We agree with the reviewer that deletion of HIF-2α at earlier stages of sympatho-adrenal development might result in a more extensive phenotype as this may potentially affect migration, proliferation and/or differentiation of neural crest-derived sympatho-adrenal precursors, which would impact in developmental catecholamine homeostasis as reported (Tian, Hammer, Matsumoto, Russell, and McKnight, 1998).

To address this issue, we have used a knock-in TH-IRES-Cre mouse strain that uses the endogenous TH (tyrosine hydroxylase) promoter to drive Cre expression. Gene deletion thus occurs in all TH-expressing cells. CB primordium is first seen at E13 in the mouse embryo (Kameda, 2005; Kameda, Nishimaki, Takeichi, and Chisaka, 2002; Kondo, 1975). At that embryonic stage, when the CB is still not developed, there are abundant numbers of TH⁺ cells both in the superior cervical ganglion (SCG) and in the adrenal medulla (Huber et al., 2002; Kameda, 2005). However, our findings show that these tissues are essentially unaffected by HIF-2α deletion. We have amended the sentence ‘specific role of HIF-2α in the development of the CB glomus cells, and argues against a global role for the gene in development of catecholaminergic tissues’ to specify ‘late development of catecholaminergic tissues’. Additionally, we have now clarified this issue in the Discussion (second paragraph).

ii) The authors describe extensive (and interesting) physiological differences between wild type mice and the TH-HIF-2α^KO animals. Some of these differences occur in normoxic animals and some (e.g. pulmonary vascular responses) are seen only in response to hypoxia. If possible it would be important to distinguish those effects which are directly due to abnormal carotid body function (i.e. altered neurogenic responses) from those are secondary to increased hypoxia. For example, it is stated that 'pulmonary adaption to chronic hypoxia is highly reliant on a normally functioning CB'. For the general reader it would be important to make it clear that such a connection may well be indirect, (due to increased hypoxia) rather implying a direct role of the carotid body. Along similar lines, what is known of the oxygen saturation of the TH-HIF-2α^KO animals in normoxia? Are they always fully saturated – or do they manifest desaturation at any stage? Even transient desaturation could have important effects on the parameters that are being described.

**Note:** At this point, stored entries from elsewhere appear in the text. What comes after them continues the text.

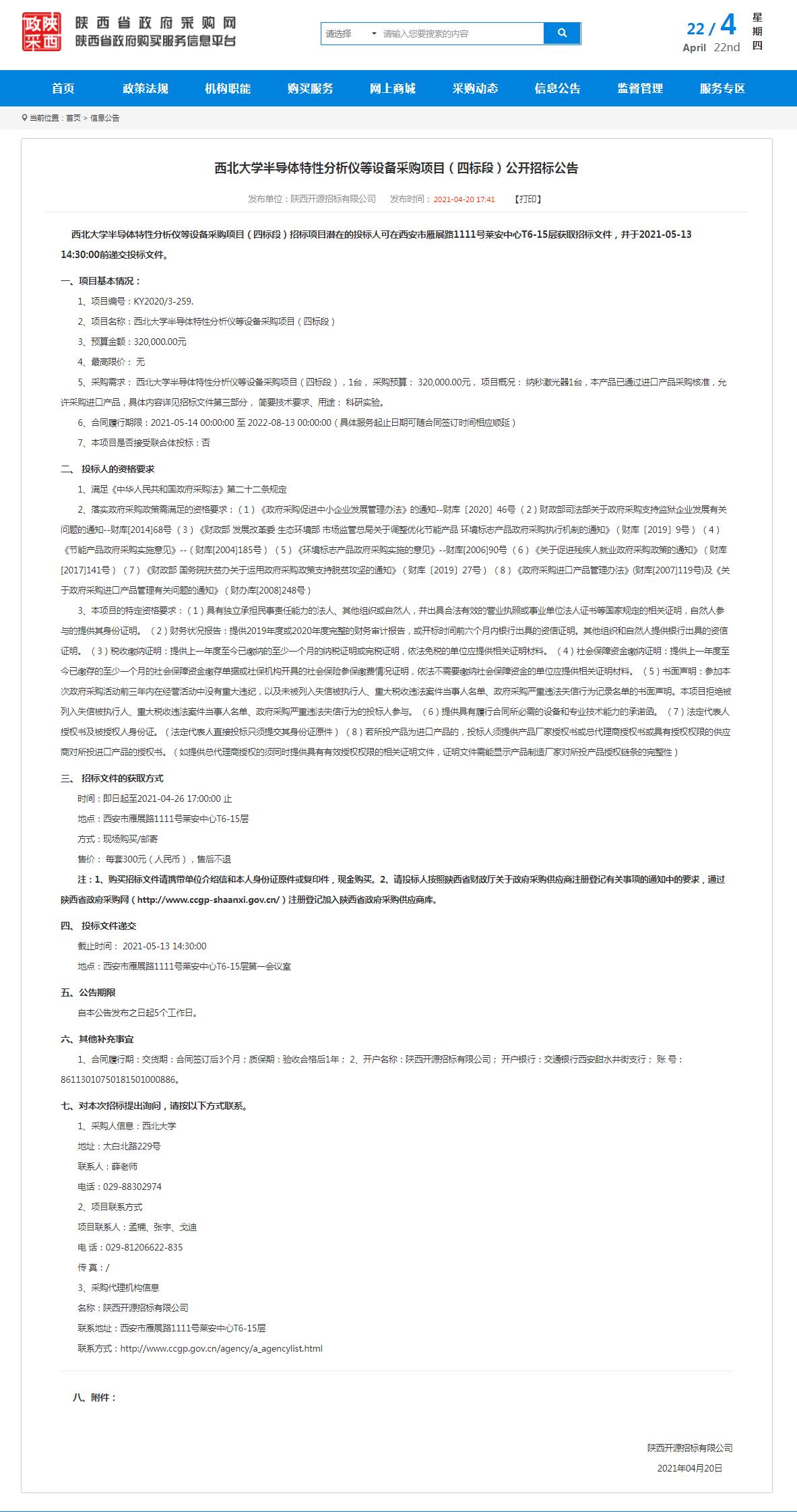 西北大学半导体特性分析仪等设备采购项目(四标段)公开招标公告
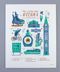 The City Series is an extension of the popular Canadianist line of art prints. In this series, we honour both the obvious and the obscure about our great Canadian cities. Made from a local’s perspective, this illustrated print celebrates those things you almost forgot you’ve always appreciated about Ottawa.
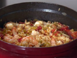 Coat a large, wide pot with olive oil and bring to medium-high heat. Add the andouille and cook for 4 to 5 minutes, or until the sausage starts to brown. Add the peppers, celery, and onion to the pan, season with salt and a pinch crushed red pepper. Cook 7 to 8 minutes or until the mixture has softened and is very aromatic. Toss in the garlic and cook for 2 to 3 more minutes. Add the tomatoes and cayenne. Stir in the rice.
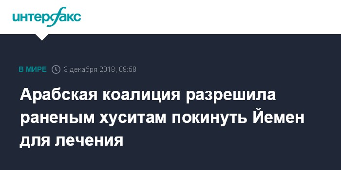 Телеканал отмечает, что речь идет о 50 хуситах, и такой шаг был сделан коалицией после соответствующего запроса спецпосланника ООН по Йемену Мартина Гриффитса. Выезд раненых хуситов для прохождения лечения является ключевым требованием мятежников для того, чтобы они приняли участие на переговорах в Швеции.
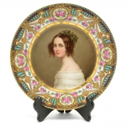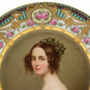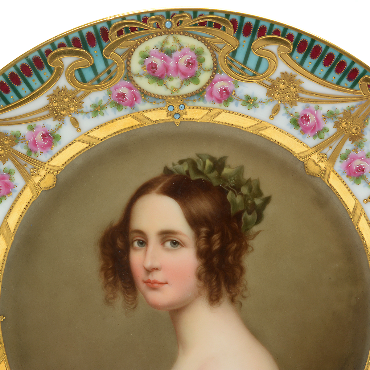 Central portrait after Joseph Karl Stieler depicting Alexandra Princess to the King of Bayern framed by a gilt inner border accented with gilt and light blue beads, surrounded by a white ground with floral and gilt swags, with a blue outer border decorated with red accents.
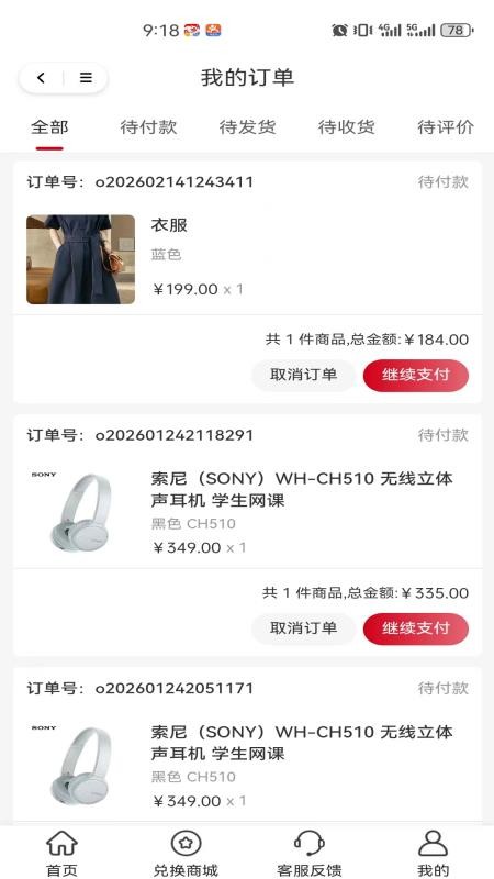 在我的订单功能中可以查看到待付款、待发货、待收货等全流程状态的订单信息。

Ideally data on this, or at least clear discussion as to whether this has or has not been excluded, is important.

We agree with the reviewer that some of the phenotypes observed are directly related to the abnormal CB function and others are a consequence of a failed CB-dependent acclimatization to hypoxia (e.g., exaggerated erythrocytosis and pulmonary vascular remodeling). The sentence was misleading and has been amended (subsection “Deficient acclimatization to chronic hypoxia in mice with CBs loss”, last paragraph). Also, as suggested by the reviewing editor and reviewer 2, we have added a summary figure (Figure 8) that we hope will clarify this point.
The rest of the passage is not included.